If you’re a Hadoop user, you’ll know just how good a tool it is in providing actionable information and analytics not only on large amounts of unstructured data sets, but also on big structured data sets, particularly the way it finds information that other systems would not trace and the speed with which it trawls through such huge amounts of data; and users don’t necessarily need to know the outcome they are looking for – Hadoop does that for them, and finds relationships that you wouldn’t know existed!
Hadoop uses the MapReduce framework to analyse and recognise batches from large data sets and assigns them to cluster nodes within a short space of time, and their Hadoop Distributed File System (HDFS) to link the cluster nodes into one, sometimes enormous, file system. So, I hear you ask, where does private cloud storage come into the equation? Well, Hadoop is suffering from three major issues – node failure, the amount of storage space it consumes, and data migration. And this is where private cloud storage can help.
The fact that HDFS is such a resilient file system is without doubt; the fact that NameNode, its only failure point that lessens Hadoop’s availability, is also without doubt is more worrying. Should HDFS NameNode clusters that utilise HBase (interactive) workloads, real time extract, transform and load, or batch processing workflows suffer an outage, it is a serious issue and downtime occurs, which has a knock-on effect on productivity and usability. Whilst the problem is being worked on and will hopefully be resolved in the release of Hadoop 2.0 later in 2013, private cloud storage providers, such as V-Series, NetApp FAS, Cleversafe Dispersed Storage and EMC Isilon, have found a solution to the problem using their storage capabilities.
Another bigger issue is the fact that due to Hadoop making at least two or three copies of the data batches, which admittedly makes the solution far more resilient, it also takes up three times as much storage space, even if you are using cheap server storage! This storage not only takes up floor and rack space, but also uses an exorbitant amount of power and cooling, but Cleversafe has provided a solution by eliminating the multiple copies of data using dispersed storage erasure coding via a HDFS interface. This dispersed storage technology allows an order of magnitude that is higher in resilience that the standard form of HDFS, and uses as much as 60% less storage space!
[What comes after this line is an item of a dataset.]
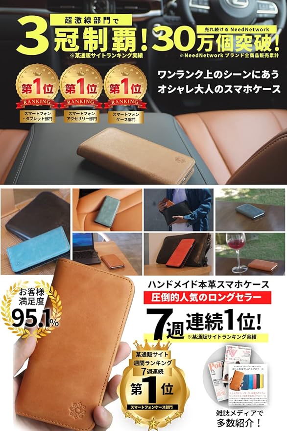【きめ細やかな手触りのいい本格レザー】は、鼻を近づければ革の香り、しっかりとした感じ、持つたびに手に馴染む使う楽しみ♪ 本格的な高品質の牛革で職人が一つひとつ丁寧に作り上げたオリジナルのケース! スマホケース ブランド「NeedNetwork」の始まりは、世の中には”安っぽいスマホケース”しかなく、それを使うのが嫌で「なければ自分で創ろう!」というオーナーの思いからスタートしました。 よくある手帳型ケースとは”モノ”が違います。 すぐボロボロになる合皮・PUレザーは問題外ですが、本革でも使い込むとなりがちな”ペラペラにくたびれる感じ”なりにくいように仕上げています。

Hadoop, in order to process collected data, migrates the data to a Hadoop cluster. Now, whilst this doesn’t take much time (obviously depending on the size of the data to be analysed and processed!), it still is an element of the process that has to be carried out. Enter EMC Isilon who has found a way to cut out this part of the process. EMC Isilon are able to represent CIFS or NFS (SMB1 or SMB2) data sitting in an Isilon storage cluster as HDFS, or outside the Hadoop cluster if necessary, thereby eliminating the need to migrate data.
Until Hadoop and Apache are able to solve these three major usability issues with the release of version 2.0, private cloud storage is able to provide an alternative solution that effectively makes Hadoop the principal player in analysing big data sets.